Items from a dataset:

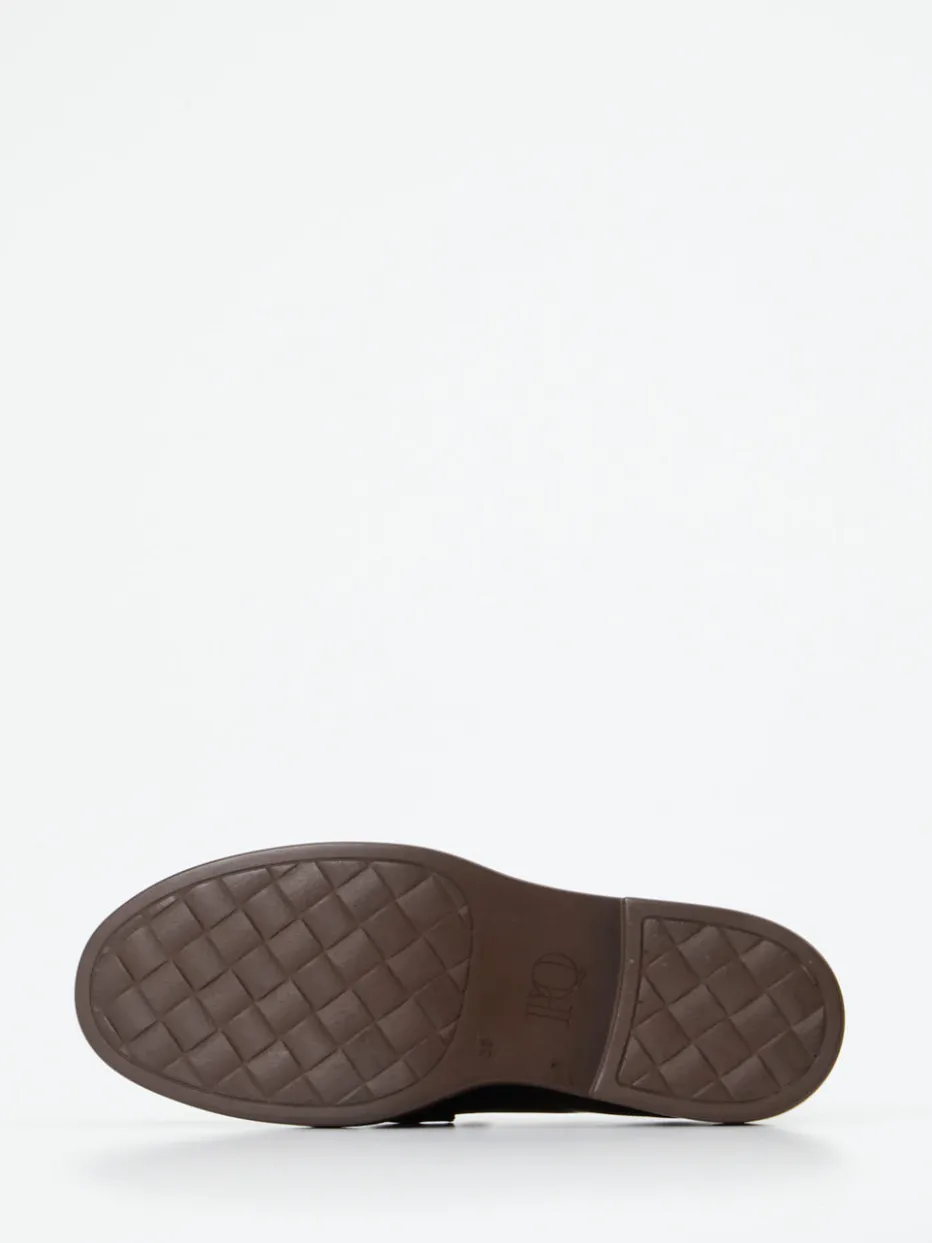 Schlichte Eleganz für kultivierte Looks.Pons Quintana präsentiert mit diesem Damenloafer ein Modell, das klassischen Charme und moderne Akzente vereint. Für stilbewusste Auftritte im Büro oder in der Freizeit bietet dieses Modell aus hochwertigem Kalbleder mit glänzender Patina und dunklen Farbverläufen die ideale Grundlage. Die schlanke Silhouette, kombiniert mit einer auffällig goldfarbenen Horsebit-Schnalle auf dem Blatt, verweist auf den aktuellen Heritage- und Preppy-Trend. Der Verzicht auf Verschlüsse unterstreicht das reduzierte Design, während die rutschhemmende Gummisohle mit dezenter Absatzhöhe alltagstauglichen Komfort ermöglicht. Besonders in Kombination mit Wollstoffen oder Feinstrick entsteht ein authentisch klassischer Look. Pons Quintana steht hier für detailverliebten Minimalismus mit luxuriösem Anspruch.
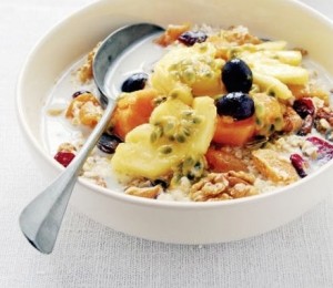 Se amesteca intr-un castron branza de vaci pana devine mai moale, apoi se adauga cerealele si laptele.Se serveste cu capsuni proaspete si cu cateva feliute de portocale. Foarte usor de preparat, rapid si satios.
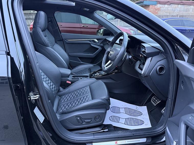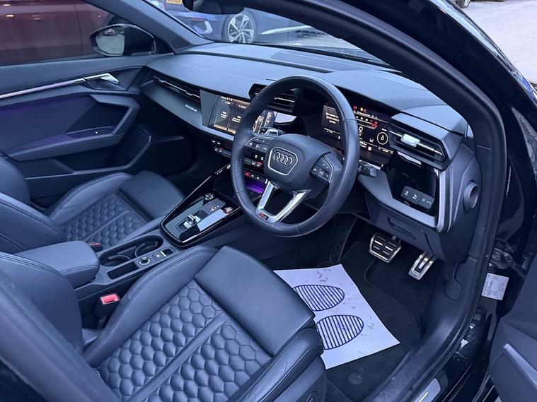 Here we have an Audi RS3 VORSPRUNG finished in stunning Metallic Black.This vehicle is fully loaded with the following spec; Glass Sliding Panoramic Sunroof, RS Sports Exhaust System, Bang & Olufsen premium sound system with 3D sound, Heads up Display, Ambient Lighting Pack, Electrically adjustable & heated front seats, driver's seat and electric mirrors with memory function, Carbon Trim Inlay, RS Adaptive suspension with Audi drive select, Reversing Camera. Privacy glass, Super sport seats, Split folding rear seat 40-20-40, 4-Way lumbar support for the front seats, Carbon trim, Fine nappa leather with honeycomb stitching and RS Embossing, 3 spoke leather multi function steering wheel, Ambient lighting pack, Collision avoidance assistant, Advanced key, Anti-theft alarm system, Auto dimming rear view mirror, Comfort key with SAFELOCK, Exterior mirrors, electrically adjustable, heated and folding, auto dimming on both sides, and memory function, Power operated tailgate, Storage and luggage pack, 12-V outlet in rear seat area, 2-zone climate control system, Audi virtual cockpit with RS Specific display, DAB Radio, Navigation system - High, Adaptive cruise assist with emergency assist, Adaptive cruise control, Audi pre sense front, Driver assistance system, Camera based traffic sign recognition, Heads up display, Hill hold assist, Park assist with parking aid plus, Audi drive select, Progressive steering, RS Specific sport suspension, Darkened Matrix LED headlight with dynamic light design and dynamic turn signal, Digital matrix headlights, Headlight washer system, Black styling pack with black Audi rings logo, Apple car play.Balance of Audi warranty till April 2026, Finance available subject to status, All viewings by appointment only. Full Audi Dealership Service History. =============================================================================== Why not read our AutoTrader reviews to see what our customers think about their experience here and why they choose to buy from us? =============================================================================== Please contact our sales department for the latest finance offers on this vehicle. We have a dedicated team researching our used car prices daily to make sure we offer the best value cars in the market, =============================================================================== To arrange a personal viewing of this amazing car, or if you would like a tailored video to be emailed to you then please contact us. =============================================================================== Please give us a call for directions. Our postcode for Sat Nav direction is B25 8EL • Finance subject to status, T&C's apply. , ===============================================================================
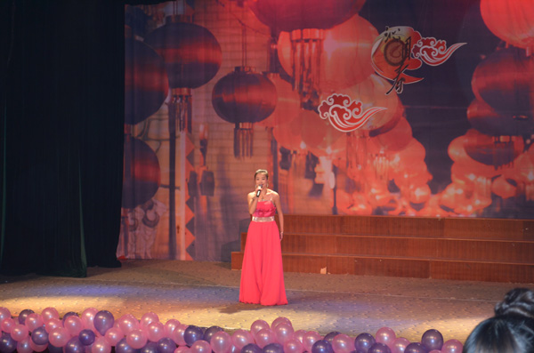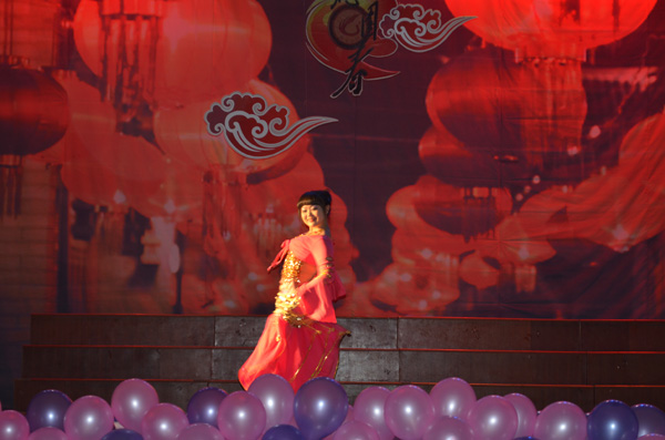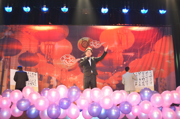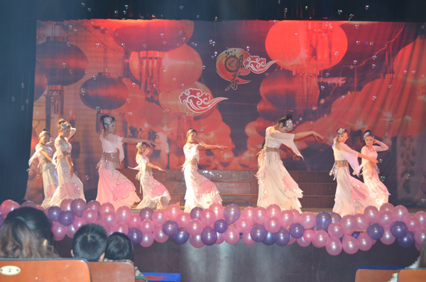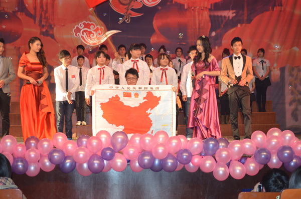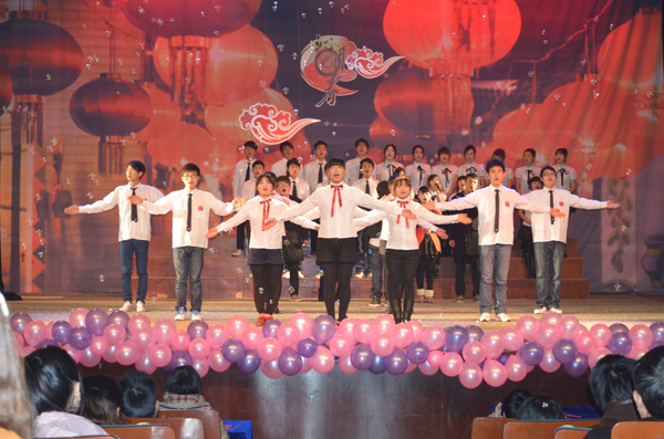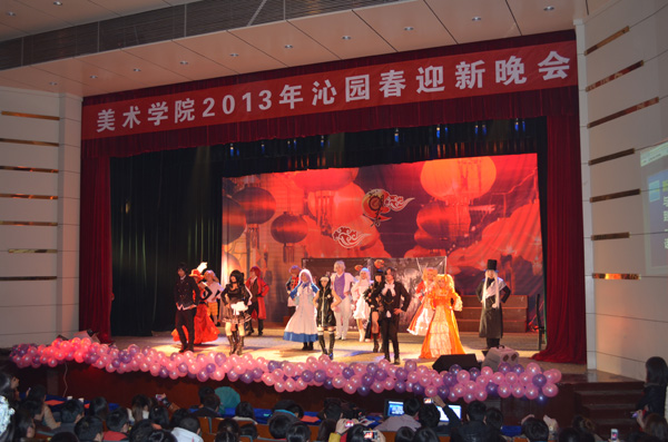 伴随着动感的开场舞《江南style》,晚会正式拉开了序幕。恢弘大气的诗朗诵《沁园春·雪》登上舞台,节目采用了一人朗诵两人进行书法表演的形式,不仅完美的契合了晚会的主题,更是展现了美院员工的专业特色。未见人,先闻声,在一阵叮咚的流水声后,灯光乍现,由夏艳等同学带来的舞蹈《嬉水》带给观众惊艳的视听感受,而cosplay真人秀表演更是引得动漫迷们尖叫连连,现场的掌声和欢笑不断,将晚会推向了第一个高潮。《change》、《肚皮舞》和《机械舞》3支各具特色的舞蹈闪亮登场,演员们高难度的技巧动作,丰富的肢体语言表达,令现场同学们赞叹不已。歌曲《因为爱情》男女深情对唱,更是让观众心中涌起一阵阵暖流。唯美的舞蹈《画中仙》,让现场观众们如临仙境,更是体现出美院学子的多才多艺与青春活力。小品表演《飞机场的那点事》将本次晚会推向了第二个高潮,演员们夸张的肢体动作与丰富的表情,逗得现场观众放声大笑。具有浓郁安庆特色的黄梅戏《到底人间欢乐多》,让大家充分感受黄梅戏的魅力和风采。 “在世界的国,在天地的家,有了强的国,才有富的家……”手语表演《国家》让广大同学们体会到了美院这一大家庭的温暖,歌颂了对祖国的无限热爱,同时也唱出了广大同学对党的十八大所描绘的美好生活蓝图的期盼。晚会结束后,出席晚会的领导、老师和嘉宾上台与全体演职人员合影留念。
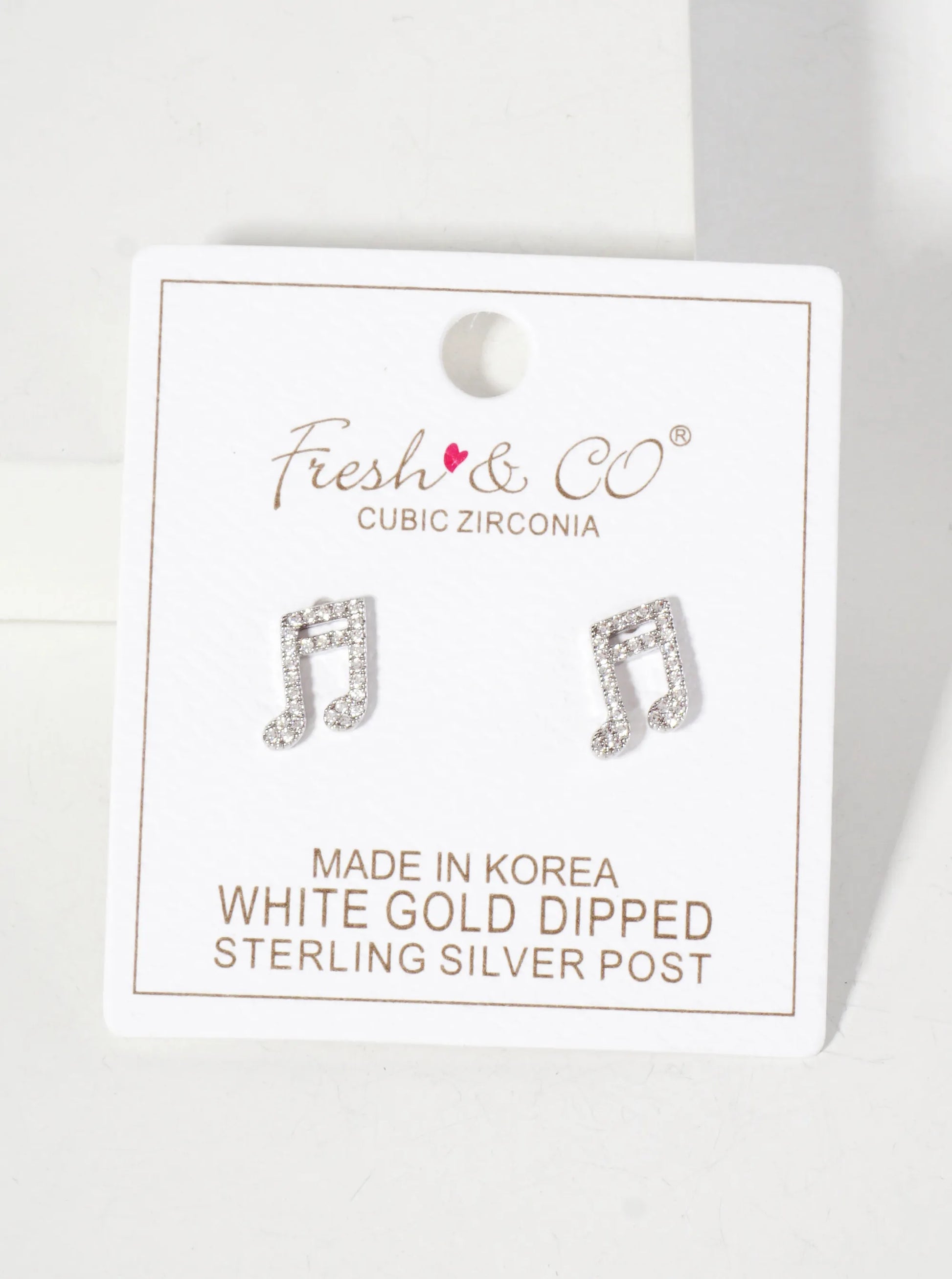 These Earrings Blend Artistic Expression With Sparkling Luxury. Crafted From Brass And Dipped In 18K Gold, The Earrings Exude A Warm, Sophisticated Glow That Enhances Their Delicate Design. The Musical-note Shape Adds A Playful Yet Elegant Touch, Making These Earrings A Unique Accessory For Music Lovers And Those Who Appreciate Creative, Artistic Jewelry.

▶ [EXERCISE PROMPT] The pictures in the entries above should be left out; all else must be copied exactly.

▶ [ANSWER FOR THIS EXERCISE]
 Schlichte Eleganz für kultivierte Looks.Pons Quintana präsentiert mit diesem Damenloafer ein Modell, das klassischen Charme und moderne Akzente vereint. Für stilbewusste Auftritte im Büro oder in der Freizeit bietet dieses Modell aus hochwertigem Kalbleder mit glänzender Patina und dunklen Farbverläufen die ideale Grundlage. Die schlanke Silhouette, kombiniert mit einer auffällig goldfarbenen Horsebit-Schnalle auf dem Blatt, verweist auf den aktuellen Heritage- und Preppy-Trend. Der Verzicht auf Verschlüsse unterstreicht das reduzierte Design, während die rutschhemmende Gummisohle mit dezenter Absatzhöhe alltagstauglichen Komfort ermöglicht. Besonders in Kombination mit Wollstoffen oder Feinstrick entsteht ein authentisch klassischer Look. Pons Quintana steht hier für detailverliebten Minimalismus mit luxuriösem Anspruch.
 Se amesteca intr-un castron branza de vaci pana devine mai moale, apoi se adauga cerealele si laptele.Se serveste cu capsuni proaspete si cu cateva feliute de portocale. Foarte usor de preparat, rapid si satios.
 Here we have an Audi RS3 VORSPRUNG finished in stunning Metallic Black.This vehicle is fully loaded with the following spec; Glass Sliding Panoramic Sunroof, RS Sports Exhaust System, Bang & Olufsen premium sound system with 3D sound, Heads up Display, Ambient Lighting Pack, Electrically adjustable & heated front seats, driver's seat and electric mirrors with memory function, Carbon Trim Inlay, RS Adaptive suspension with Audi drive select, Reversing Camera. Privacy glass, Super sport seats, Split folding rear seat 40-20-40, 4-Way lumbar support for the front seats, Carbon trim, Fine nappa leather with honeycomb stitching and RS Embossing, 3 spoke leather multi function steering wheel, Ambient lighting pack, Collision avoidance assistant, Advanced key, Anti-theft alarm system, Auto dimming rear view mirror, Comfort key with SAFELOCK, Exterior mirrors, electrically adjustable, heated and folding, auto dimming on both sides, and memory function, Power operated tailgate, Storage and luggage pack, 12-V outlet in rear seat area, 2-zone climate control system, Audi virtual cockpit with RS Specific display, DAB Radio, Navigation system - High, Adaptive cruise assist with emergency assist, Adaptive cruise control, Audi pre sense front, Driver assistance system, Camera based traffic sign recognition, Heads up display, Hill hold assist, Park assist with parking aid plus, Audi drive select, Progressive steering, RS Specific sport suspension, Darkened Matrix LED headlight with dynamic light design and dynamic turn signal, Digital matrix headlights, Headlight washer system, Black styling pack with black Audi rings logo, Apple car play.Balance of Audi warranty till April 2026, Finance available subject to status, All viewings by appointment only. Full Audi Dealership Service History. =============================================================================== Why not read our AutoTrader reviews to see what our customers think about their experience here and why they choose to buy from us? =============================================================================== Please contact our sales department for the latest finance offers on this vehicle. We have a dedicated team researching our used car prices daily to make sure we offer the best value cars in the market, =============================================================================== To arrange a personal viewing of this amazing car, or if you would like a tailored video to be emailed to you then please contact us. =============================================================================== Please give us a call for directions. Our postcode for Sat Nav direction is B25 8EL • Finance subject to status, T&C's apply. , ===============================================================================
 伴随着动感的开场舞《江南style》,晚会正式拉开了序幕。恢弘大气的诗朗诵《沁园春·雪》登上舞台,节目采用了一人朗诵两人进行书法表演的形式,不仅完美的契合了晚会的主题,更是展现了美院员工的专业特色。未见人,先闻声,在一阵叮咚的流水声后,灯光乍现,由夏艳等同学带来的舞蹈《嬉水》带给观众惊艳的视听感受,而cosplay真人秀表演更是引得动漫迷们尖叫连连,现场的掌声和欢笑不断,将晚会推向了第一个高潮。《change》、《肚皮舞》和《机械舞》3支各具特色的舞蹈闪亮登场,演员们高难度的技巧动作,丰富的肢体语言表达,令现场同学们赞叹不已。歌曲《因为爱情》男女深情对唱,更是让观众心中涌起一阵阵暖流。唯美的舞蹈《画中仙》,让现场观众们如临仙境,更是体现出美院学子的多才多艺与青春活力。小品表演《飞机场的那点事》将本次晚会推向了第二个高潮,演员们夸张的肢体动作与丰富的表情,逗得现场观众放声大笑。具有浓郁安庆特色的黄梅戏《到底人间欢乐多》,让大家充分感受黄梅戏的魅力和风采。 “在世界的国,在天地的家,有了强的国,才有富的家……”手语表演《国家》让广大同学们体会到了美院这一大家庭的温暖,歌颂了对祖国的无限热爱,同时也唱出了广大同学对党的十八大所描绘的美好生活蓝图的期盼。晚会结束后,出席晚会的领导、老师和嘉宾上台与全体演职人员合影留念。
 These Earrings Blend Artistic Expression With Sparkling Luxury. Crafted From Brass And Dipped In 18K Gold, The Earrings Exude A Warm, Sophisticated Glow That Enhances Their Delicate Design. The Musical-note Shape Adds A Playful Yet Elegant Touch, Making These Earrings A Unique Accessory For Music Lovers And Those Who Appreciate Creative, Artistic Jewelry.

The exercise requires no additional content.